Cosa significa essere davvero liberi? Le risposte che la tradizione ci ha consegnato sembrano oggi insufficienti, proprio ora che la domanda si ripropone con rinnovata urgenza. Nei Mind the Economy delle ultime due settimane abbiamo seguito, con Philip Pettit, un percorso che ci ha portato oltre le nozioni classiche di libertà. Non basta essere semplicemente liberi dalla coercizione o di poter scegliere in autonomia. In Republicanism (Oxford University Press, 1997) Pettit scrive: “Un agente domina un altro se e solo se ha su di lui un certo potere, in particolare un potere di interferenza su base arbitraria” (p. 52). Si può dunque non subire alcun ostacolo immediato e tuttavia non essere liberi, se si vive esposti alla possibilità permanente che qualcun altro possa intervenire discrezionalmente nella nostra vita. E non basta neppure che il potere politico derivi dalla volontà popolare, se non resta contestabile: “Ciò che conta non è tanto che il governo segua in ogni momento la volontà del popolo, ma che i cittadini possano contestare ciò che il governo fa” (pp. 277-278) – scrive ancora Pettit.
Ma il fatto è che oggi una parte crescente della non-libertà non ha il volto classico del tiranno. Non si presenta come comando personale o imposizione drammatica. Si manifesta piuttosto come dipendenza da organizzazioni, metriche, piattaforme, dispositivi tecnici, ambienti economici che nessuno di noi controlla davvero e che tuttavia orientano profondamente il nostro spazio d’azione. Uno stato di “subjection or domination”, soggezione o dominazione lo definisce Pettit in On the People’s Terms (Cambridge University Press, 2012). E il punto è che questa soggezione assume, oggi, forme spersonalizzate, diffuse, opache. E proprio per questo è più difficile da riconoscere.

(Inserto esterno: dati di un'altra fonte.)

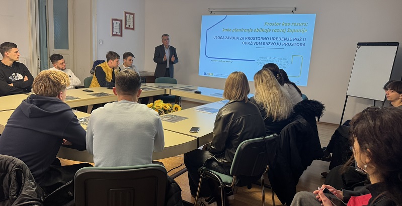 Ravnatelj Zavoda, Adam Butigan, pozdravio je prisutne studente, nakon čega su predstavnici Zavoda — Vedrana Petrović, Robert Heberling, Mia Šimičić i Dado Jakupović — kroz stručno predavanje objasnili ulogu, svrhu i važnost prostornog planiranja i urbanizma u praksi.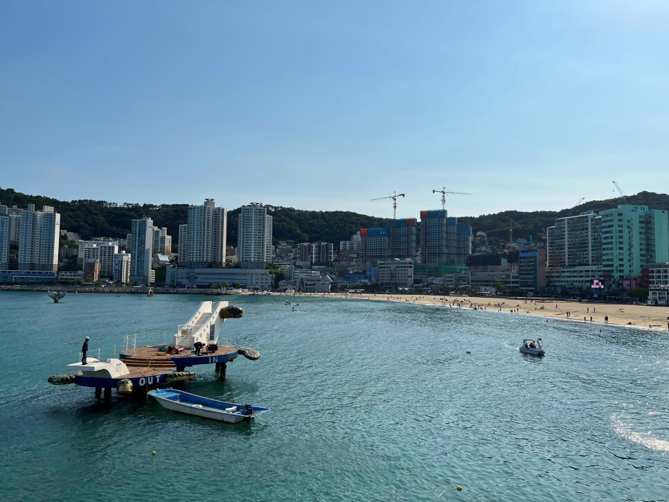 6월 말, 송도해수욕장의 풍경입니다. 벌써 물놀이를 즐기는 피서객들이 몇 명 보이네요. 최근에 생긴 전동오리배의 인기가 정말 많더군요. 대기하는 손님이 꽤 많았습니다.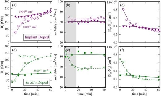 FIG. 5. Plots of Rs [(a) and (d)], mobility [(b) and (e)], and estimated |ND − NA| [(c) and (f)] as a function of anneal time for implant-doped samples [purple circles, (a)–(c)] and in situ doped samples [green squares, (d)–(f)]. Both mid (solid line and solid markers) doping densities and high (dashed line and open markers) doping densities are plotted for both doping methods, with lines drawn as guides to the eye. The region shaded in gray of (b) and (e) highlights the main difference between trends for the two samples.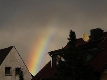 Keywords: rainbow colorful color sky roof homes satellite dish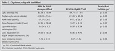 REM ile ili?kili OSAS ve REM ile ili?kisiz OSAS olgular?n?n g?nd?z a??r? uykululu?u Epworth uykululuk skalas? kullan?larak kar??la?t?r?ld???nda (7.8 ? 2.2'ye kar?? 8.6 ? 1.4) her iki grup aras?nda anlaml? istatistiksel farkl?l?k (p= 0.715) saptanmam??t?r.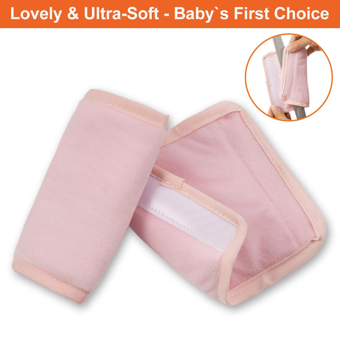 Superior Softness and Lovely: Made from super soft velvet touch fabric, the soft wraps belt covers provide additional comfort to prevent rubbing and irritation from car seat straps. Kids will feel much more comfortable with the soft foam pads, we pay more attention to design nice and comfortable baby shoulder pads for your kids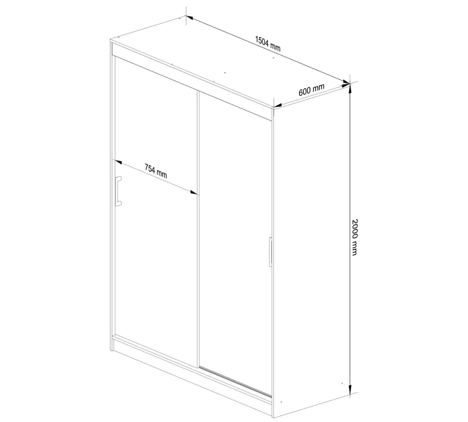 - pojemność mebla – szafa ma 200 cm wysokości, 150 cm szerokości i 60 cm głębokości;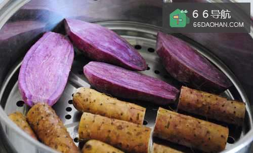 大家自己掌握火候,只要把紫薯和山药蒸熟就可以了。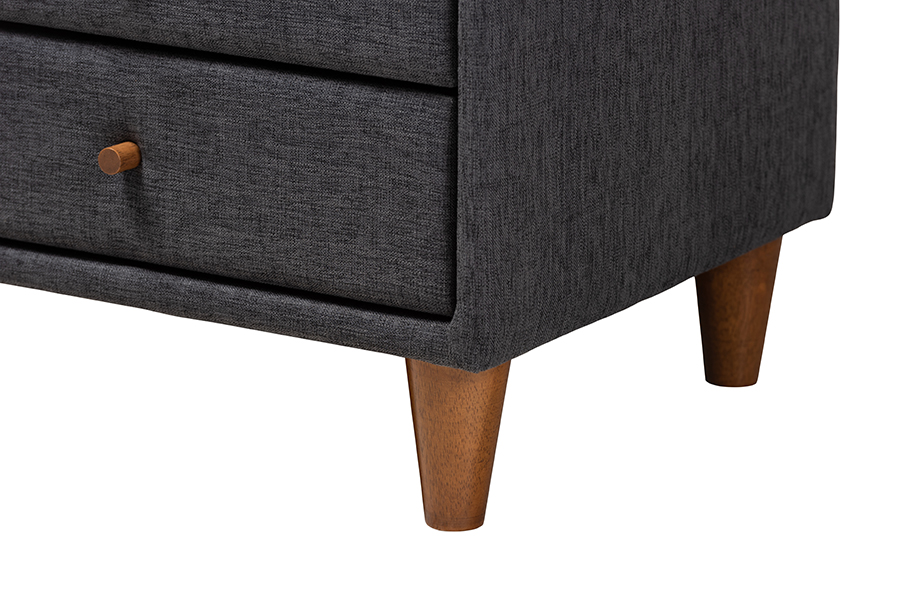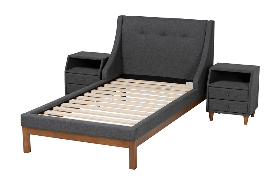 The details of this Baxton Studio Louvain Mid-Century Modern Transitional Dark Grey Fabric Upholstered Twin Size 3-Piece Bedroom Set will enhance your Bedroom Furniture and your living space:
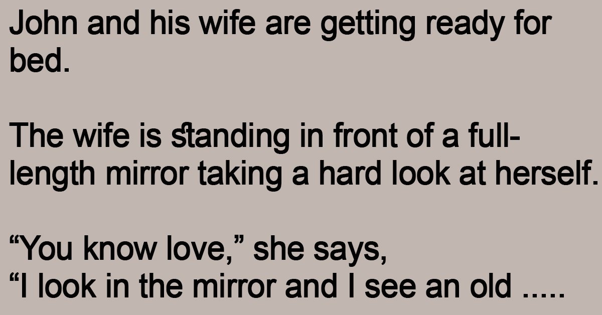 John and his wife are getting ready for bed. The wife is standing in front of a full-length mirror taking a hard look at herself. “You know love,” she … …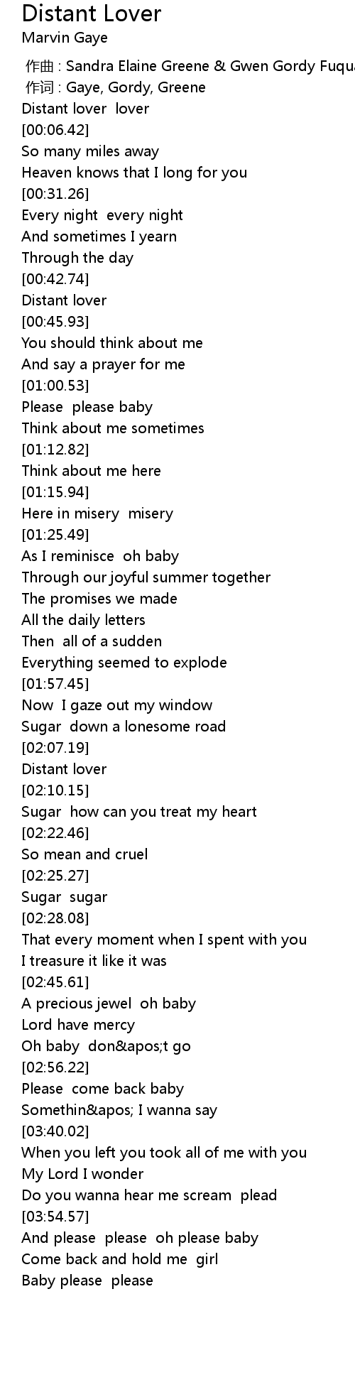 | [00:00.335] | 作词 : Gaye, Gordy, Greene |
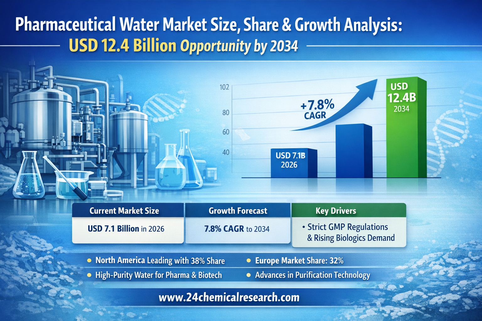 Pharmaceutical Water Market Size, Share & Growth Analysis: USD 12.4 Billion Opportunity by 2034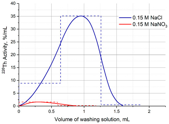 The other part of the second column modification was carried out after Step 1 and involved substituting the 7 M HCl medium with dilute or neutral one. Solutions of 0.1 M HNO3, 0.15 M NaCl, and 0.15 M NaNO3 were studied. Full change in medium in the DGA column took place after passing 1.0–1.2 mL of each solution, and 226Th losses did not exceed 3%. In the case of TRU column, 226Th was partially washed out on the HCl concentration gradient (similar to Figure 6a) regardless of the substituting solution, its losses ranged from 10% to 40% and were poorly reproducible. The UTEVA resin retained 226Th well when the solutions of 0.1 M HNO3 and 0.15 M NaNO3 were passed through the second column, whereas the 0.15 M NaCl solution washed out up to 28% of 226Th (Figure 10).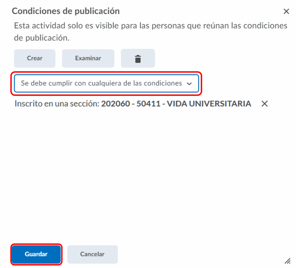 Paso 9. Después de haber seguido los pasos 7 y 8 para condicionar el contenido para una sección, en la pantalla del Paso 8 la diferencia es que elegimos la opción Se debe cumplir con cualquiera de las condiciones, y damos clic en el botón gris de Crear.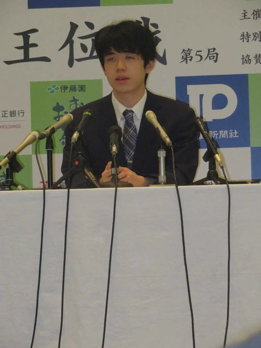 藤井聡太王位(21)=王将、名人、竜王、叡王、棋王、棋聖含む7冠=が挑戦者の佐々木大地七段(28)を4勝1敗で退けた第64期王位戦7番勝負第5局から一夜明けた24日、徳島市内で会見した。22、23日に同市「渭水苑」で指された第5局は先手藤井が95手で勝利。4連覇を達成すると共に、20年度棋聖戦以降出場したタイトル戦で歴代2位タイ、17期連続獲得を樹立した。31日からは史上初の全8冠独占がかかる、永瀬拓矢王座(30)との王座戦5番勝負に臨む。

Il potere che non ordina ma dispone
Siamo abituati a immaginare il dominio nella forma del comando. Qualcuno ordina, qualcun altro obbedisce. Ma una parte decisiva del potere contemporaneo non comanda dall’alto. Dispone il campo entro cui agiamo. Non vieta apertamente, ma organizza le opportunità. Non indica direttamente che cosa fare, ma fa sì che alcune opzioni diventino naturali, altre onerose, altre quasi impraticabili. In Republicanism Pettit isola tre elementi fondamentali connessi all’esercizio della dominazione: la capacità di interferire, l’arbitrarietà dell’interferenza e il suo esercizio sulle scelte che l’altro è in posizione di compiere. È soprattutto la riflessione intorno a quest’ultimo aspetto ad aprire uno spazio teorico fecondo. Perché ciò che conta non è solo l’atto con cui qualcuno ostacola una decisione già presa. Conta anche il modo in cui viene predisposto il ventaglio delle opzioni a disposizione. Che cosa sarà facile, che cosa costoso, che cosa anche solo pensabile.
In questo senso la dominazione contemporanea è spesso “ambientale” prima che direttiva. Gli economisti comportamentali parlano al riguardo di “architettura della scelta”. Quell’influenza che si esercita plasmando il contesto. Il lavoratore non riceve necessariamente un ordine esplicito, ma viene inserito in un sistema di metriche che definisce tempi, priorità e soglie di accettabilità. L’utente di una piattaforma non viene obbligato a fare o a preferire qualcosa in particolare, ma si muove entro un’architettura che distribuisce visibilità e irrilevanza, premio e oblio, reputazione e declassamento. Qui il potere non coincide con il divieto, ma con la capacità di strutturare lo spazio delle possibilità.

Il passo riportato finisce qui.